Autoantibodies anti-T4 presence was confirmed using PEG precipitation and dilution methods, following an in house protocol based in the radioactivity measurement of the precipitant after addition of Polyethylene glycol solution 20% w/v in water to the serum patient and serum negative control previously incubated with I-125 radiolabeled -Thyroxine in the same run. Serum patient was found to be positive with a percentage of 77.4% of fixation (positive if higher than 10%). Control negative serum showed a percentage of 5% of fixation. Auto-antibodies anti-T3 were negative following the same in house protocol. The patient sample was PEG-precipitated in order to confirm the autoantibodies anti-T4 interference in FT4 Advia Centaur assay with a validated in-house protocol in an Advia centaur platform. We selected a patient control specimen with a very low FT4 concentration like Blank and another patient control specimen with very high FT4 concentration. To compare both, the matrix effect by PEG in Advia centaur acrydinium-ester label and the behaviour of a sample in the same patient range after PEG precipitation. The antibody interference gave a very discordant result before and after PEG precipitation in the patient’s problem specimen. No relevant disagreement was found in the control specimens before and after PEG precipitation.

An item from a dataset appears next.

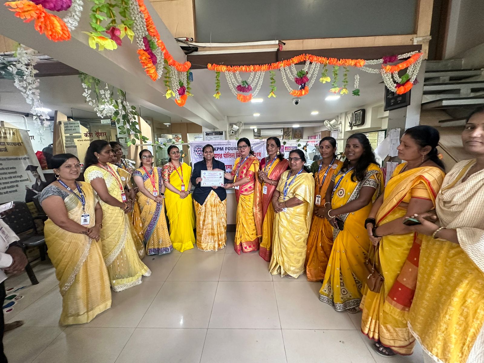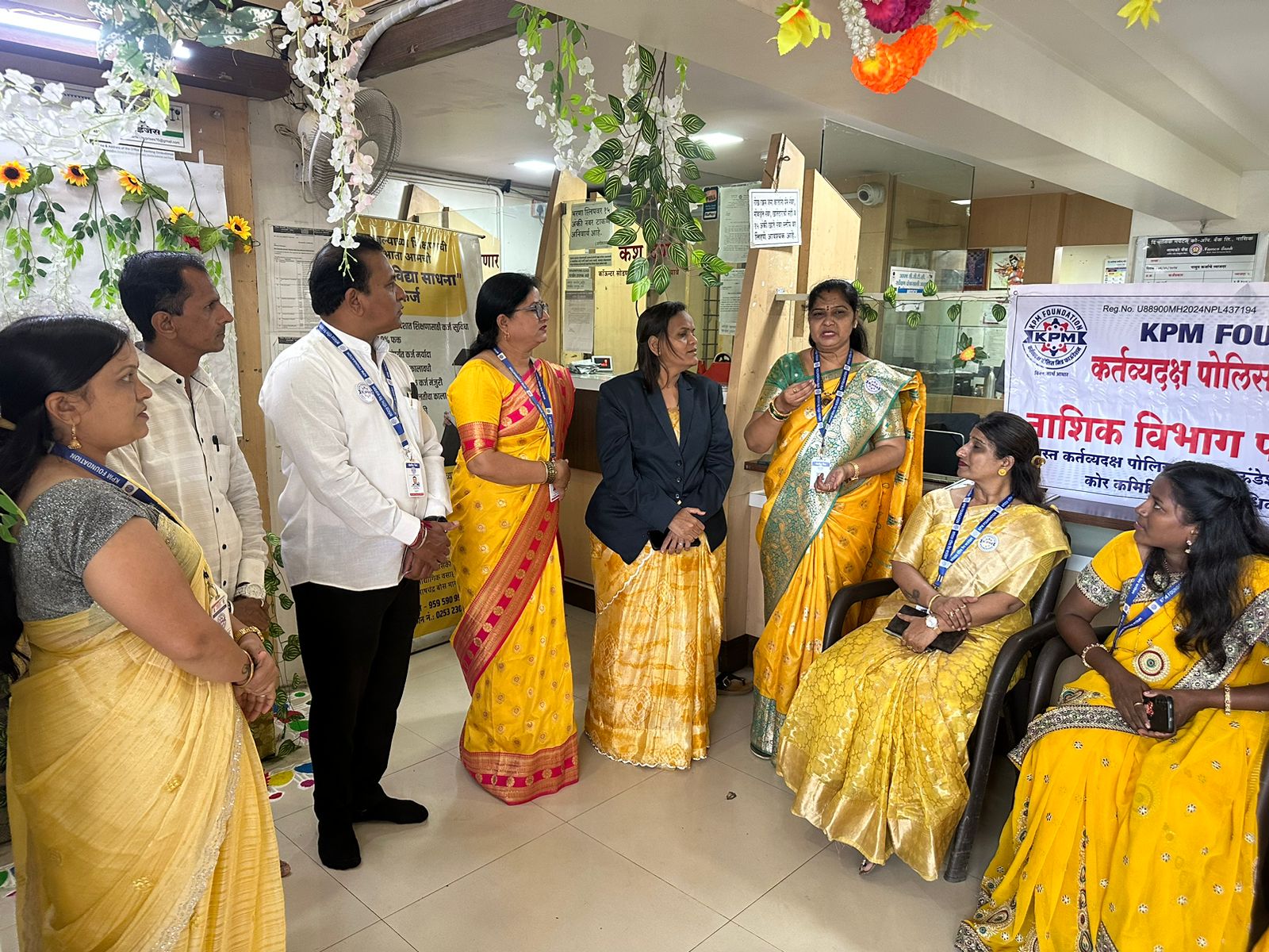 कर्तव्यदक्ष पोलिस मित्र फाउंडेशनच्या वतीने नवरात्रोत्सव निमित्ताने कर्तव्यदक्ष स्त्री शक्ती सन्मानपत्र २०२५ दि. मर्चंट को. ऑप. बँक. शाखा नासिक रोड येथील शाखेत संस्थेच्या पदाधिकारी व प्रोजेक्ट डायरेक्टर म्हणून ज्यांनी पुढाकार घेतला व यशस्वी करण्यासाठी प्रयत्न केला सौ. निकिता पवार मॅडम यांच्या पुढाकाराने व कर्तव्यदक्ष पोलिस मित्र फाऊंडेशन राष्ट्रीय अध्यक्ष श्री सुनिल परदेशी सर तसेच राष्ट्रीय महिला संघटक मंत्री सौ आरतीताई आहिरे यांच्या मार्गदर्शनाखाली मोठ्या उत्साहाने साजरा करण्यात आला आज बॅकच्या मॅनेजर तृप्ती बाफना मॅडम व सहकारी कोमल कुलथे प्रतिभा भालेराव अश्विनी कवरे . विशेष आभार श्री अनिल पवार, उमेश नागरे , आकाश आढाव आपण काल बॅकच्या वतीने आलेल्या सर्व पदाधिकारी यांची चहापाणी वगैरे ची व्यवस्था केली त्याबद्दल मनापासून धन्यवाद कर्तव्यदक्ष स्त्री शक्ती सन्मानपत्र देऊन सन्मानित करण्यात आले तसेच बॅकिंग क्षेत्रातील महत्त्वाच्या विषयावर चर्चा करून योग्य मार्गदर्शन केले याप्रसंगी कर्तव्यदक्ष पोलिस मित्र फाउंडेशनच्या वतीने सुनिल परदेशी, आरती ताई आहिरे, सिमा पंडित, आशा भालेराव, ॲड. दिप्ती गवळी मॅडम, रुपाली तांबारे, स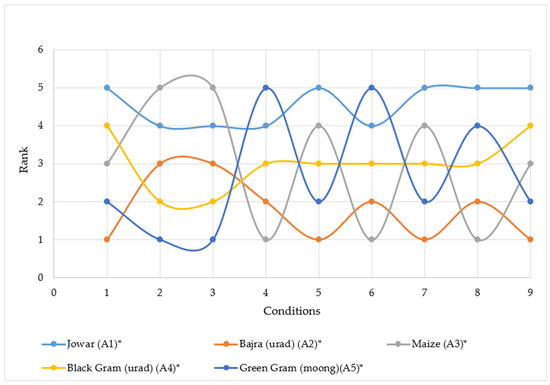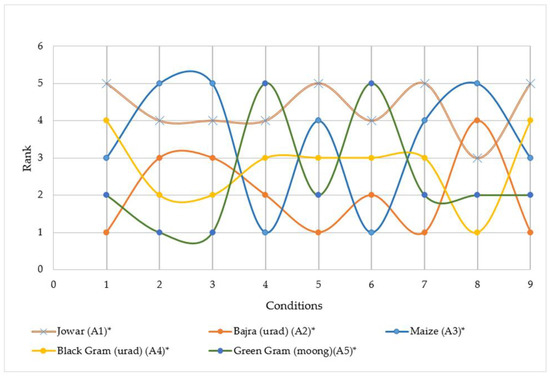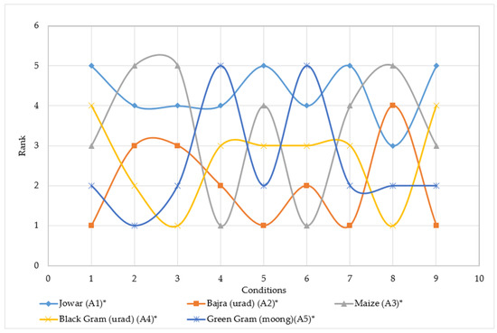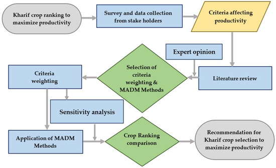 The kharif crops such as rice, Sorghum, Zea mays, cotton, ragi, Pennisetum glaucum, sugarcane, jute, etcetera, grow in dry and arid conditions. The soil and its nutrient value is an important component of sustainable farming [1]. Despite modern agricultural techniques, the high rate of population growth renders the crop yield inadequate [2]. The choice of a specific arrangement of crop patterns relies upon numerous criteria that differ from region to region [3]. The conception of the index was included in sustainability for the set of selected criteria and existing weather parameters by Dillon et al. [4]. Roy and Weng [5] examined the indicators of sustainable agriculture in Bangladesh. Sorensen et al. [6] suggested a cultivation selection method in the agricultural topography. Multiple attribute-based decision-making (MADM) techniques had been applied in diverse fields such as hydrologic sciences, ecological systems, agricultural systems, water resources systems, water supply, storage, and recycling [7,8,9]. MADM techniques have been successfully applied in energy sectors [10], industrial and automation engineering systems [11], robotics [12], etcetera. Srinivas et al. [13] published a MADM study related to the water quality of the river Ganga for the diffusion of trace metal. Agarwal and Garg [14] employed the MADM technique for the assessment of groundwater quality. Krol et al. [15] evaluated the sustainability of the maize cultivation in Poland using multi-criteria decision analysis and found that the same sowing method was not the best practice for small and large farm field, hence the criteria is of utmost importance for decision making. Mallick et al. [16] implemented a fuzzy- analytic hierarchy process (AHP) technique to evaluate landslide susceptibility. The study suggests that the criteria weighting must be normalized and the results obtained from the MADM techniques must be validated using sensitivity analysis. Other applications of MADM include the construction industry, information technology, and green chamber farming. A two-phase AHP-TOPSIS was applied to identify a suitable concrete mixture for high performance [17] and sustainable construction material and was determined by applying three MADM methods, namely optimal scoring method, AHP, and TOPSIS [18]. The ranking of cloud-based learning techniques was suggested by applying AHP [19]. A fuzzy based MADM model was studied to identify sustainable green chamber farming practices [20] to rank the vegetable cash crops based on several criteria and a model was suggested to aid the stakeholders to identify the best farming practices.

To further evaluate the antibody interference, we performed a double-dilution test in order to confirm the T4-autoantibodies interference in the Advia centaur platform. We did this by using a very low FT4 level pool from hypothyroid patients as a zero diluent and patient´s control specimens without FT4 test interference as well as a very high FT4 level. All of them were analyzed at the same run. The patient sample showed a non-linear increase in the FT4 level due to the decreasing title of high avidity interfering T4-autoantibodies after double-dilution test (
Table 1). Finally, total T4 and T3 levels were also analyzed in Advia centaur platform in order to detect interference in total thyroid hormones. No relevant discordance was detected after the total T4 and total T3 quantification in Advia centaur platform respect the FT4 and FT3 hormones in the same platform and patient’ specimen. The total T4 level was 67.9 µg/dL (4.5 - 10.9) and the total T3 was 1.43 ng/mL (0.6 - 1.81). PEG precipitation and dilution tests were performed (
Table 1). Patient specimen showed a very low PEG precipitated recovery, which accounted for the PEG eliminated interference probably owing to the antiT4-autoantibodies. We speculate that the high title and high avidity patient index anti T4 autoantibodies were quenching the T4 coated paramagnetic solid phase beads, displacing the low title monoclonal mouse anti T4 from the binding site in the T4 molecule. After washing the monoclonal acrydinium labeled mouse, antiT4-antibodies were discarded and no signal was detected in the competitive assay, which explained the high Total T4 concentration observed in the patient sample in the Advia centaur platform total T4 assay.